- **Activity**
Please copy the lines below, exactly as they are, from the one with "Dos dormitorios,(uno con" through the one with "Contoh Karangan Kepentingan Perpaduan Kaum Di Malaysia Docx", and leave out the pictures.

- **Data for this exercise**
"""
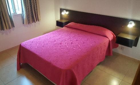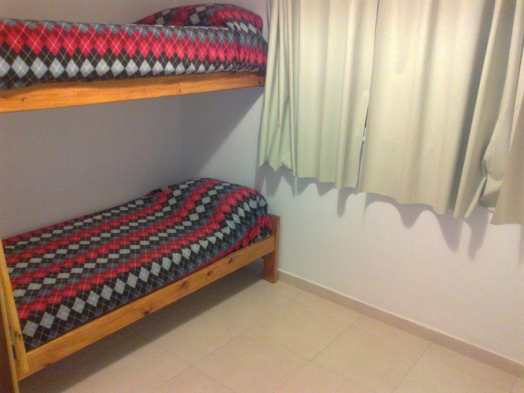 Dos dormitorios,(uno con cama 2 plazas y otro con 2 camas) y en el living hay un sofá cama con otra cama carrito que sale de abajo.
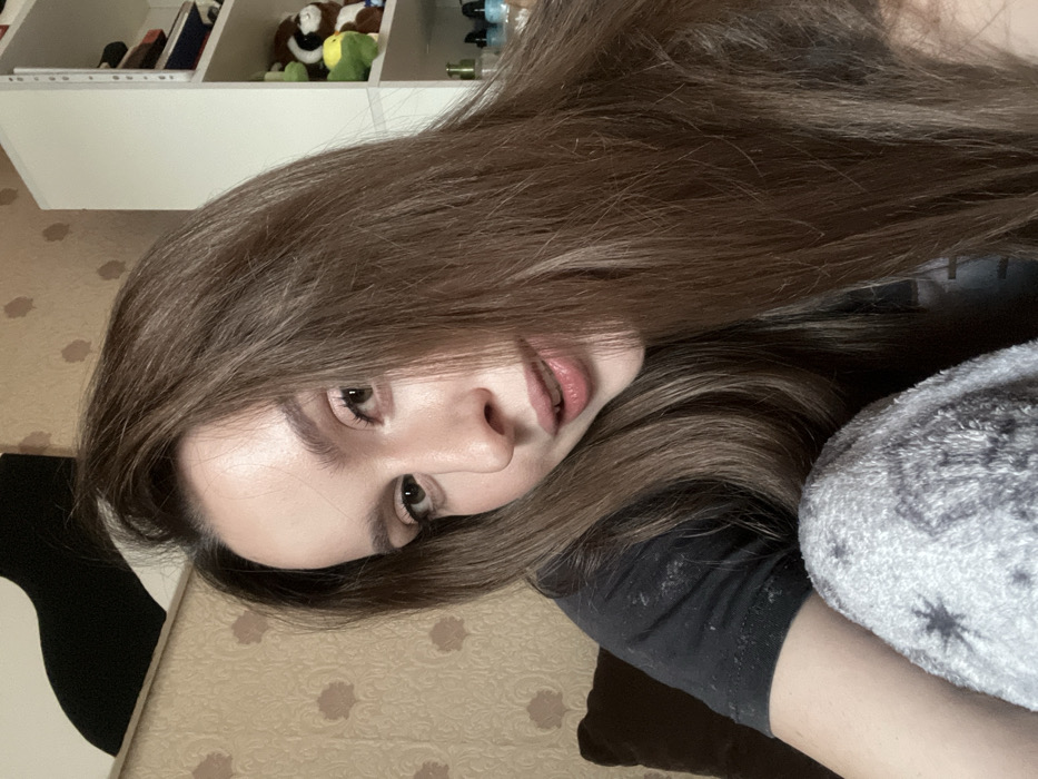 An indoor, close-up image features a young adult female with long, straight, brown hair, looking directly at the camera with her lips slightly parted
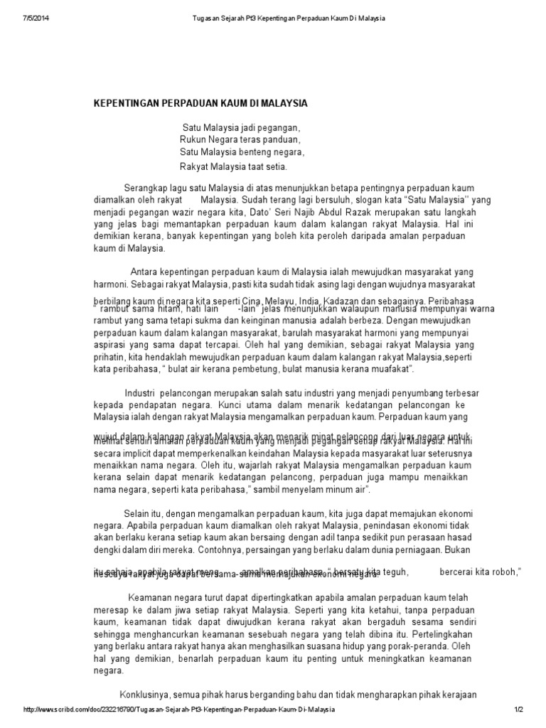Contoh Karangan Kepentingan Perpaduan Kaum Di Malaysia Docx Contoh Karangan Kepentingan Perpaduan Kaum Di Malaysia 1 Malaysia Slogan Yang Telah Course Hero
"""
"""
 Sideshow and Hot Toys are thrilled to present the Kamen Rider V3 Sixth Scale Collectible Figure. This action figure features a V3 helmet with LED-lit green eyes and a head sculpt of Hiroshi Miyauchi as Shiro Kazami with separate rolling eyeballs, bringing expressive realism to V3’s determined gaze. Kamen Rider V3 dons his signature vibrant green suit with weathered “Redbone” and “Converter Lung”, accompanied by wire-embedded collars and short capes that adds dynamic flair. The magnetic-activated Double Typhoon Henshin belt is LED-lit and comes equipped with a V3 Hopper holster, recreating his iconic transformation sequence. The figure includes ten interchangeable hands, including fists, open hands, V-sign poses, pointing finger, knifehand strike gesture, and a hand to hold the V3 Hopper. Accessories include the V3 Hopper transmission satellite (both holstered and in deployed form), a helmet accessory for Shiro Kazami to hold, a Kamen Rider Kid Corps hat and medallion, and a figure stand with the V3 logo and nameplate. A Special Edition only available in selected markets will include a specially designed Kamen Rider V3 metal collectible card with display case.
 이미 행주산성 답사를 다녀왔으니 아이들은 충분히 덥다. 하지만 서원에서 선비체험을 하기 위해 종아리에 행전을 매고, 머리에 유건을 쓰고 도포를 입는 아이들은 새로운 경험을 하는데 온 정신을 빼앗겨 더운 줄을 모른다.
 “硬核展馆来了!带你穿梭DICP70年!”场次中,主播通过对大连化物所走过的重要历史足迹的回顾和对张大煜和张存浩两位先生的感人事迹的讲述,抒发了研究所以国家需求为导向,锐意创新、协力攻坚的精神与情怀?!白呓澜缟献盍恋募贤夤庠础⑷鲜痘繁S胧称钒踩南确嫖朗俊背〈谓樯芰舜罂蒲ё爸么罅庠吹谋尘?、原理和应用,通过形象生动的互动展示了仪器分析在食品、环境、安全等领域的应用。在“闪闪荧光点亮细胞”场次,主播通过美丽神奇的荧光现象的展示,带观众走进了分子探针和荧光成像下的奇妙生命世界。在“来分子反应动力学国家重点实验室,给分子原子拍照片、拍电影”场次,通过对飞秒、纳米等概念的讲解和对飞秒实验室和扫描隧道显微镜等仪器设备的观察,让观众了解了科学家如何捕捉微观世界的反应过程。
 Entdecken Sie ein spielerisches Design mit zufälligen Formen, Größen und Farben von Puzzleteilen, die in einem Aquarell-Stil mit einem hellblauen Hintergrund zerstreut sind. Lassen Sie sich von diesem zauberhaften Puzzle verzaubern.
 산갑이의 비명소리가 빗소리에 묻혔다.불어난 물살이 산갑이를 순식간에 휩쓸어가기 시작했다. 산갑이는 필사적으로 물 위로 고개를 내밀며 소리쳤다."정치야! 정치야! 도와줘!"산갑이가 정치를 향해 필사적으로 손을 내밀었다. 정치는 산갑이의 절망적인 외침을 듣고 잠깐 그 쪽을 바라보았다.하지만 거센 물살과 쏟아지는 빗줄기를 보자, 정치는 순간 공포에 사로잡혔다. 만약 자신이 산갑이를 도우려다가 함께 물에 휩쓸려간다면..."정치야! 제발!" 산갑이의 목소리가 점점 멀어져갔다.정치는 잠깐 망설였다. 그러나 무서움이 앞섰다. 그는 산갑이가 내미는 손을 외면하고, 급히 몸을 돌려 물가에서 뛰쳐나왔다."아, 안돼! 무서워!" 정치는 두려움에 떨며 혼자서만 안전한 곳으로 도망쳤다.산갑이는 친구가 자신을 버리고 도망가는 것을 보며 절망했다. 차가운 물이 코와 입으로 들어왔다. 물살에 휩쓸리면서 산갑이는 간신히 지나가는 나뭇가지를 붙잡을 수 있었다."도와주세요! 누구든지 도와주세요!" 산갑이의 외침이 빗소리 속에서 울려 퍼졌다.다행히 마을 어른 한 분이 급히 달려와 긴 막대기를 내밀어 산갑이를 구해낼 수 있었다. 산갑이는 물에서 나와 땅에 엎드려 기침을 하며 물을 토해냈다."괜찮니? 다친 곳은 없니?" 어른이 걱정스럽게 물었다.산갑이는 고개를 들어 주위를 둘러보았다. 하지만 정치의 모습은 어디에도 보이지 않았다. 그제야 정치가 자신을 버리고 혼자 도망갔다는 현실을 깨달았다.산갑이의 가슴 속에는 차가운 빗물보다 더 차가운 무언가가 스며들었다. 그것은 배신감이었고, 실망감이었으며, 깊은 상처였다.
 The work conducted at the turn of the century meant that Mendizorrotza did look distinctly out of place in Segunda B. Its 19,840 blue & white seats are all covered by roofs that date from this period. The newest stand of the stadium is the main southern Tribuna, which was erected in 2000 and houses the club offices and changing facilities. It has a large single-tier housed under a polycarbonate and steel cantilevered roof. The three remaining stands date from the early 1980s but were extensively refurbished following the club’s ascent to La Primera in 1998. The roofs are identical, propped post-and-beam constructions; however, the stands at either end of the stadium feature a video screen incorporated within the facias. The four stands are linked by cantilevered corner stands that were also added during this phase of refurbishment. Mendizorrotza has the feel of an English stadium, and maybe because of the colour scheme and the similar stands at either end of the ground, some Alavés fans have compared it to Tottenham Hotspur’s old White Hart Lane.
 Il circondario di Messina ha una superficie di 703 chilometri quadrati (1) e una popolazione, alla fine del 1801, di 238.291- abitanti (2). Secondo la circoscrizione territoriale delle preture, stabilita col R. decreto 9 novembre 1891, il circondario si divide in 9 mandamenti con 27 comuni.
"""
"""
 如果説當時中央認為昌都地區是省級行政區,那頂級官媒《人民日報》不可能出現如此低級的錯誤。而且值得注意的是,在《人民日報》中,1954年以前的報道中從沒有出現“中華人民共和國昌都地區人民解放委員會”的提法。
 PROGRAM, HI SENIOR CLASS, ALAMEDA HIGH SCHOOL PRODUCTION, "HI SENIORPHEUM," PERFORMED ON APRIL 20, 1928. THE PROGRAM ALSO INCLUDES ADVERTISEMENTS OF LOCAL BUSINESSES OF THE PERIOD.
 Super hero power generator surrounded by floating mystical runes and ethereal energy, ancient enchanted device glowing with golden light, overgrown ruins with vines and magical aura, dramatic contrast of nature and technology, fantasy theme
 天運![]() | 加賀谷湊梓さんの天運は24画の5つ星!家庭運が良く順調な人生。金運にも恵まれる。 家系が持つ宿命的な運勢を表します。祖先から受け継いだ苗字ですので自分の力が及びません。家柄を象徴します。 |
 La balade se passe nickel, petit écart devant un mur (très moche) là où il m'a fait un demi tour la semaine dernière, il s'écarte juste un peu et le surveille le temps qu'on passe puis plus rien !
"""
- **Expected answer**
 Dos dormitorios,(uno con cama 2 plazas y otro con 2 camas) y en el living hay un sofá cama con otra cama carrito que sale de abajo.
 An indoor, close-up image features a young adult female with long, straight, brown hair, looking directly at the camera with her lips slightly parted
Contoh Karangan Kepentingan Perpaduan Kaum Di Malaysia Docx Contoh Karangan Kepentingan Perpaduan Kaum Di Malaysia 1 Malaysia Slogan Yang Telah Course Hero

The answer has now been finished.